Shortly after the narco-banner was located, a pickup truck was found near the Salamanca refinery inside which was an object thought to be an explosive device.

Federal Police and the army cordoned off the area but presidential spokesman Jesús Ramírez Cuevas said later this morning that there was no explosive in the abandoned truck.

He acknowledged that the narco-banner was “directed at the president,” adding that “it’s a banner directed at he who is carrying out the fight against fuel theft.”

Ramírez said the Attorney General’s office has opened an investigation to determine who is responsible for both the banner and the pickup.
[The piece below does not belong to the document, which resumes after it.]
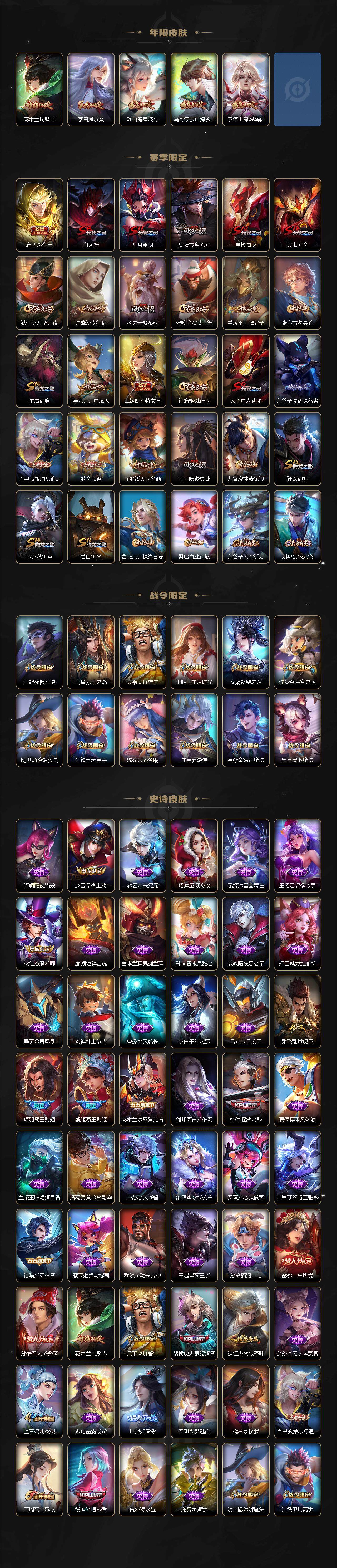 【赛季限定】:扁鹊炼金王,白起狰,芈月重明,夏侯惇朔风刀,曹操烛龙,典韦穷奇,狄仁杰万华元夜,达摩沙漠行僧,老夫子醍醐杖,程咬金演武夺筹,兰陵王金庭之子,张良古海寻踪,牛魔御旌,李元芳云中旅人,虞姬凯尔特女王,钟馗驱傩正仪,太乙真人饕餮,鬼谷子原初探秘者,百里玄策原初追逐者,弈星混沌棋,梦奇顽趣,沈梦溪大漠名商,明世隐疑决卦,裴擒虎擒涛扼浪,狂铁御狮,米莱狄御霄,盾山御銮,鲁班大师探海日志,桑启海盐诗旅,鬼谷子天穹祈灯,刘邦
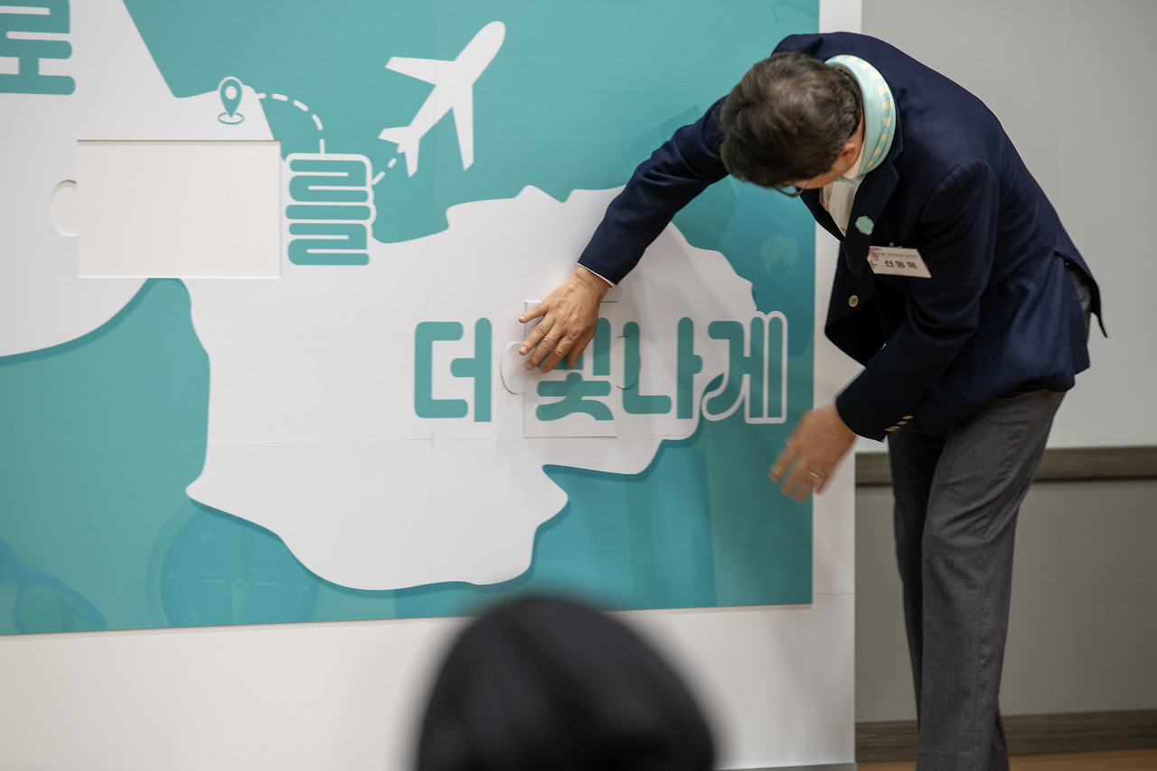 오늘 행사의 가장 하이라이트인 새출발 다짐 세레머니입니다. 신규 봉사자 세 분과 신규 역할을 맡으신 기존 봉사자 두 분, 신동욱 서초을 국회의원 당선인님과 오세철 서초구의장님, 전성수 서초구청장님, 유종균 서초구자원봉사센터 운영위원장님, 김유미 서초구자원봉사센터 센터장님이 연단에 올라 각자 가지고 있는 퍼즐판을 부착하는 시간이었습니다.

“[It’s] a matter that has to do with the [anti-fuel theft] operations . . . and also the dispute that there is between different cartels,” he said.

The federal government has deployed the military and Federal Police to protect petroleum infrastructure as part of the strategy to combat fuel theft, a crime that costs the state oil company billions of pesos a year.

Two days ago, residents of Villagrán, a municipality just east of Salamanca, responded to an anti-fuel theft operation by setting up fiery blockades to repel security forces.

Authorities believe that Yepez’s Santa Rosa de Lima Cartel was behind the hostile response.

Guanajuato has one of the highest incidences of fuel theft in Mexico and last year was the country’s most violent state, with 3,290 homicides.